→ THE DATA
______________________________

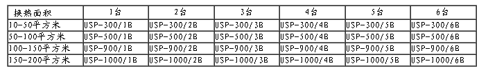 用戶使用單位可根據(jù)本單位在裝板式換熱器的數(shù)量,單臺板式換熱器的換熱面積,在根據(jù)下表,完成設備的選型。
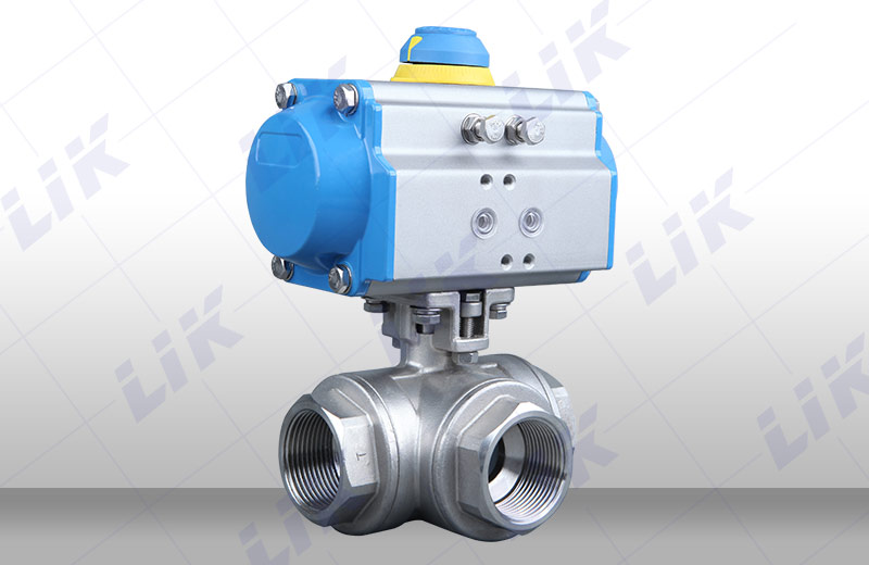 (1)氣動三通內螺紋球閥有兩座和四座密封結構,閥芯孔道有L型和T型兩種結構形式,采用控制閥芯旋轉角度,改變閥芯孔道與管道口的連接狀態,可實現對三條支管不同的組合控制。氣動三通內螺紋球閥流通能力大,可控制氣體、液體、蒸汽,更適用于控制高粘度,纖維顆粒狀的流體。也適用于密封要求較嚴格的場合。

______________________________

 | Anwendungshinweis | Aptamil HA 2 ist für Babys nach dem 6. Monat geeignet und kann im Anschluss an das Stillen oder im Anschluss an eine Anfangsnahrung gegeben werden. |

______________________________

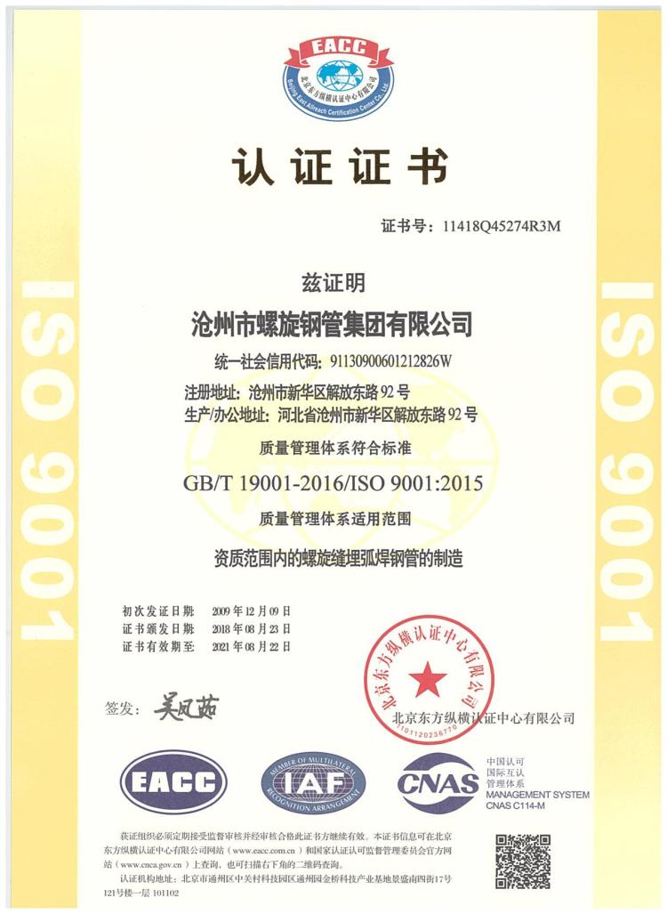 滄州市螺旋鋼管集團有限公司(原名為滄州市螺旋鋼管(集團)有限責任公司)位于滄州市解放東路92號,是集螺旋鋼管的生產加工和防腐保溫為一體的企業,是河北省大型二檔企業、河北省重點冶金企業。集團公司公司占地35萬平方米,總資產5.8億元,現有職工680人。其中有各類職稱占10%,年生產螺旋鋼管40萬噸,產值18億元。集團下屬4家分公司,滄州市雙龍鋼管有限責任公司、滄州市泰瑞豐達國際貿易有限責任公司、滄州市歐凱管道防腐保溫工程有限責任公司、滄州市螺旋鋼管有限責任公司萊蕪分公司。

______________________________

→ HOW TO COMPLETE THIS TASK
Copy back exactly the lines above from the one containing "用戶使用單位可根據(jù)本" through the one containing "(1)氣動三通內螺紋球閥有兩", and leave every picture behind.

→ EXERCISE RESPONSE
 用戶使用單位可根據(jù)本單位在裝板式換熱器的數(shù)量,單臺板式換熱器的換熱面積,在根據(jù)下表,完成設備的選型。
 (1)氣動三通內螺紋球閥有兩座和四座密封結構,閥芯孔道有L型和T型兩種結構形式,采用控制閥芯旋轉角度,改變閥芯孔道與管道口的連接狀態,可實現對三條支管不同的組合控制。氣動三通內螺紋球閥流通能力大,可控制氣體、液體、蒸汽,更適用于控制高粘度,纖維顆粒狀的流體。也適用于密封要求較嚴格的場合。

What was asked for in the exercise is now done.